The Securities and Exchange Commission announced on Wednesday that Texas-based medical device company Orthofix International has agreed to admit wrongdoing and pay more than $14 million to settle charges that it improperly booked revenue in certain instances and made improper payments to doctors at government-owned hospitals in Brazil in order to increase sales.
Four then-executives at Orthofix also agreed to pay penalties to settle cases related to the accounting failures, which according to the SEC’s order involved Orthofix improperly recording certain revenue as soon as a product was shipped despite contingencies requiring certain events to occur in order to receive payment in the transaction. In other instances, Orthofix immediately recorded revenue when it had provided customers with significant extensions of time to make payments. The accounting failures caused the company to materially misstate certain financial statements from at least 2011 to the first quarter of 2013.

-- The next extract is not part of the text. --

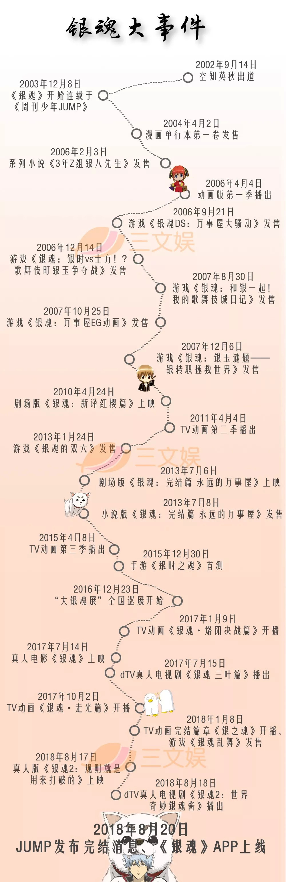不过,近期围绕“银魂”的话题新闻也是不少。小栗旬主演的真人电影《银魂2:规则就是为了打破而存在》8月17日上映,上映3日票房突破8亿日元;8月18日,配信平台dTV原创真人电视剧版《银魂2:世界奇妙银魂酱》开始播出,已更新两集;而JUMP也在8月20日上线了《银魂》专属APP,可观看包括漫画、动画、小说等《银魂》几乎所有的资源。《银魂》漫画的完结也和它的故事一样,热热闹闹。

“Orthofix’s accounting failures were widespread and significant, causing Orthofix to make false statements to the public about its financial condition,” said Antonia Chion, Associate Director in the SEC’s Enforcement Division.

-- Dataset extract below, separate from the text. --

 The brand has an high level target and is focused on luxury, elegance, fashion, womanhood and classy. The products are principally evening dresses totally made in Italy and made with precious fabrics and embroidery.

A separate SEC order finds that Orthofix violated the Foreign Corrupt Practices Act (FCPA) when its subsidiary in Brazil schemed to use high discounts and make improper payments through third-party commercial representatives and distributors to induce doctors under government employment to use Orthofix’s products. Fake invoices were used for purported services.

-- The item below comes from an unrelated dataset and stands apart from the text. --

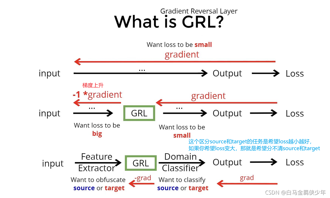 本文核心思想:训练上面的模型,让domain classifier无法分辨出你输入的x属于哪个domain。这时,我们的目的就达到了,因为我们在分不清这个x是哪个domain的情况下,模型还是能用label predictor分类器做出x的label的预测。说明我们换个domain的数据,label预测任务的性能仍然较好。

Kara N. Brockmeyer, Chief of the SEC Enforcement Division’s FCPA Unit, added, “Orthofix did not have adequate internal controls across all its subsidiaries and failed to detect and prevent the improper payments in Brazil that were intended to boost sales.”
Orthofix agreed to pay an $8.25 million penalty to resolve the accounting violations and more than $6 million in disgorgement and penalties to settle the FCPA charges. The company agreed to retain an independent compliance consultant for one year to review and test its FCPA compliance program. The SEC’s order noted Orthofix’s cooperation and remedial acts.
Jeff Hammel, a former accounting executive in Orthofix’s largest business segment, agreed to pay a $20,000 penalty and former sales executives Kenneth Mack and Bryan McMillan agreed to pay penalties of $40,000 and $25,000 respectively. Hammel also agreed to be suspended from appearing or practicing before the SEC as an accountant, which includes not participating in the financial reporting or audits of public companies. The SEC’s order permits Hammel to apply for reinstatement after two years. Orthofix’s former corporate CFO Brian McCollum agreed to pay a $35,000 penalty and reimburse the company $40,885 for bonuses he received during the period when the company committed accounting violations. The four consented to the SEC’s orders without admitting or denying the findings.
Orthofix’s then-CEO Robert Vaters, who was not charged with wrongdoing, has reimbursed the company $72,886 for cash bonuses and certain stock awards he received during the period when the company committed accounting violations. Therefore, it wasn’t necessary for the SEC to pursue a Sarbanes-Oxley Section 304(a) clawback action against him.
The SEC’s investigation into the accounting violations was conducted by Noel Gittens and Richard Haynes with assistance from Gregory Bockin. It was supervised by Ricky Sachar and Ms. Chion. The SEC’s investigation into the FCPA violations was conducted by Sana Muttalib and supervised by Ansu N. Banerjee and Ms. Brockmeyer.